The Promise NYC program is budgeted for $25 million in FY 2025, larger than the $16 million in FY 2024, but still largely insufficient to meet the need, particularly given the large numbers of new immigrant families. The children of those families are eligible for public school, including school-day 3-K and Pre-K and Head Start. This program budget is not specific to 0-5 year-olds, but also includes funding for older children up to the age of 13 in need of afterschool care.

Chart S2

Source: NYC Office of Management & Budget
Note: FY 2024 Current Modified Budget is as of August 16th, 2024. This table includes funding for special education classrooms in DOE district schools and Pre-K centers (which will serve approximately 1,540 students in the coming year) but does not include funding for contracted special education classrooms or related services (see inset below for more information).

Revenue Sources

The City has patched together multiple funding streams, as well as invested significant City revenues (primarily tax levy as well as miscellaneous fees), to support this public system of care for children. Chart S3 provides actual funding by source for FY 2018 – FY 2024 and planned source distribution for FY 2025 – FY 2028 as of the June 2024 Financial Plan.

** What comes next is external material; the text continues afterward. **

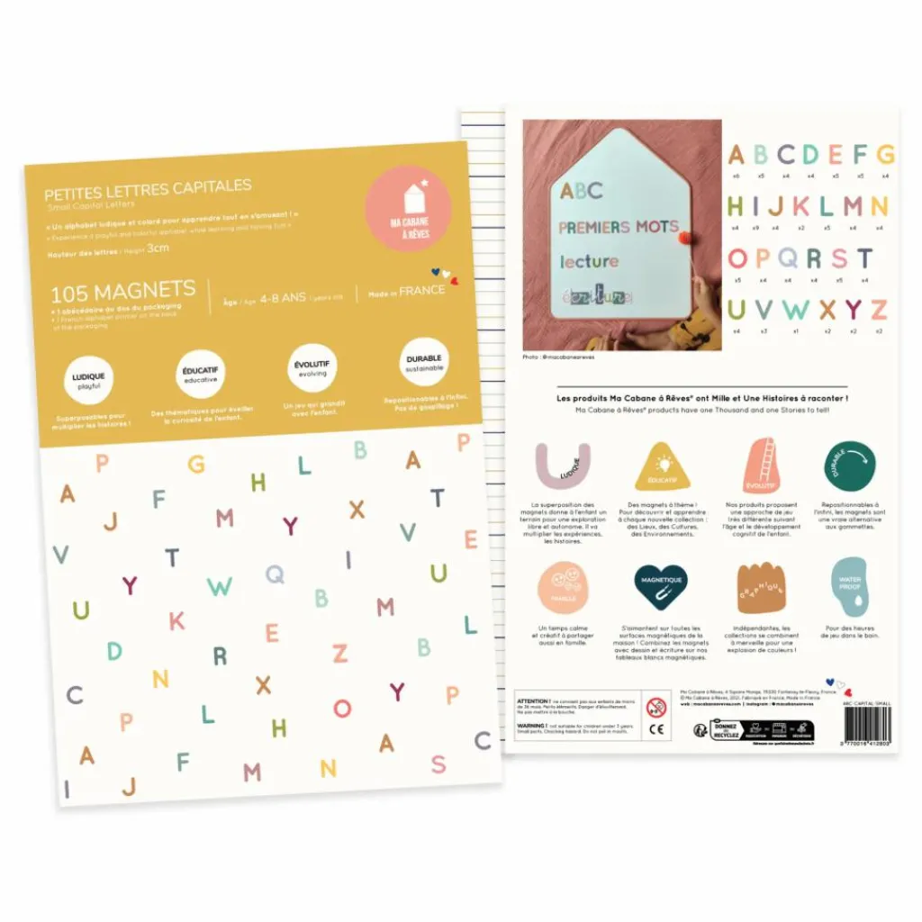Ma Cabane à Rêves a développé une gamme éducative et évolutive qui accompagne l’enfant dans l’apprentissage de l’écriture et de la lecture. Cet alphabet magnétique est adapté aux enfants de CP et CE1 (6 – 8 ans). Utilisez le à la maison comme outil complémentaire des livres scolaires.

The Federal government provides funding through the Child Care and Development Fund. The grant flows to NY State, which then distributes it to localities through the Child Care Block Grant (CCBG) program. The funding comes with eligibility and programmatic requirements that limit to whom and how the City can provide its child care programs, which are detailed further below. The State’s annual allocation to the City had remained relatively flat ranging between $490 million and $500 million since 2015, but then increased to $622.3 million in State Fiscal Year 2023, $584.2 million in SFY 2024, and $526.7 for SFY 2025.

How much funding the City actually receives is dependent on utilization and claiming patterns. During the pandemic, revenue claimed by the City from the block grant dipped below the State’s annual allocation. Fortunately, unlike many other revenue streams, any unused surplus in the CCBG allocation can be rolled over to a following year. Heading into FY 2024, the City had over $590 million in unutilized “rollover” CCBG funds. The City currently projects that it will claim approximately $831.2 million in FY 2024, leaving $343 million of rollover funds headed into the FY25. This increase is driven by the recent expansion of eligibility, which is further discussed below.

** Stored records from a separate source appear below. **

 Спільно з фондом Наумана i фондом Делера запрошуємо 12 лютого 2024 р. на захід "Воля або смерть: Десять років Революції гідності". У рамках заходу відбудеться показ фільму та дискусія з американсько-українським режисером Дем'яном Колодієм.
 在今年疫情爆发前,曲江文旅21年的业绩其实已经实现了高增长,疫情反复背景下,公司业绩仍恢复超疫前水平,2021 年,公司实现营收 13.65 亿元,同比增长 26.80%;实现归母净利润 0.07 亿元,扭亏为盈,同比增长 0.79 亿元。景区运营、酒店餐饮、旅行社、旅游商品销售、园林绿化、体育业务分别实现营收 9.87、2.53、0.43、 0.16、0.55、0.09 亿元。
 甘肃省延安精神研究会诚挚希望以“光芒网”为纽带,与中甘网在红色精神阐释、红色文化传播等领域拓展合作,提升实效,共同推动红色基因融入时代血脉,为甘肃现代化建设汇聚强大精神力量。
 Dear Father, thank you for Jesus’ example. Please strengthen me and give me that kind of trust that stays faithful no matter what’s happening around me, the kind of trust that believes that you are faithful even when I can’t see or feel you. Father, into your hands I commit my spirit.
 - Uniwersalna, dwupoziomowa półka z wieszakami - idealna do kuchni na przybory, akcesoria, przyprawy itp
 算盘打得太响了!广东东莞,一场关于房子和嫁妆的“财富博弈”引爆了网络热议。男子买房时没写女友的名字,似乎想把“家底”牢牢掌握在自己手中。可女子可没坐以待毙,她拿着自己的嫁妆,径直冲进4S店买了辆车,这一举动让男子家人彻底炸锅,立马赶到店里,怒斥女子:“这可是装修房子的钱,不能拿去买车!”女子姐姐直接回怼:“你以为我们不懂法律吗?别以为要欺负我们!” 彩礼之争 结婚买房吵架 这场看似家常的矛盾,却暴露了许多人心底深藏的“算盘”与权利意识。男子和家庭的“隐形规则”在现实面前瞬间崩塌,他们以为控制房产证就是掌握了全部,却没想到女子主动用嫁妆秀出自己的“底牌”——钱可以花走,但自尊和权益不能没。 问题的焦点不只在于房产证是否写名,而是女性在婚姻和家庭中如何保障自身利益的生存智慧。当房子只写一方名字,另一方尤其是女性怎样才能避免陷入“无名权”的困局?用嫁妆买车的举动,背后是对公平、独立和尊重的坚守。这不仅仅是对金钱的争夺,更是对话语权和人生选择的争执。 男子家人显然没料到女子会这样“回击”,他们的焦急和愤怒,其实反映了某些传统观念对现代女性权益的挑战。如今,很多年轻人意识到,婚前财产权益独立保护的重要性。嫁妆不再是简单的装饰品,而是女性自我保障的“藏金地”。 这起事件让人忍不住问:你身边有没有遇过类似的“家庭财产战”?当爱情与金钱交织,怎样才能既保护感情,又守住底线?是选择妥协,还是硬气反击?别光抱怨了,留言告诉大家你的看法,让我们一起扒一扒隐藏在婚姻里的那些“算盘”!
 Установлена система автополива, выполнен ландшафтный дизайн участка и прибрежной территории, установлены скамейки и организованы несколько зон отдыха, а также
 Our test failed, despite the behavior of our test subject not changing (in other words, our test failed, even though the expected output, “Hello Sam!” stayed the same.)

Assuming that in this fiscal year (FY 2025), the City requires its FY 2024 budgeted spending, the City may exhaust its remaining rollover funds this year. Once a locality spends down their rollover funds, the State may increase the annual allocation – however, this does pose a risk for the City’s budget in the outyears. If the CCBG grant spending remains higher than the recurring annual allocation, City spending will need to increase to fill that gap once the rollover is exhausted.

The Federal government has also been providing funding for Head Start programs since the 1960s. Some of the funding for NYC Head Start programs flows through the City’s budget (historically through ACS and now through the DOE) and is included in the funding shown here, but many Head Start programs in NYC contract directly with the Federal government instead (that funding is not included in Chart S3).[3]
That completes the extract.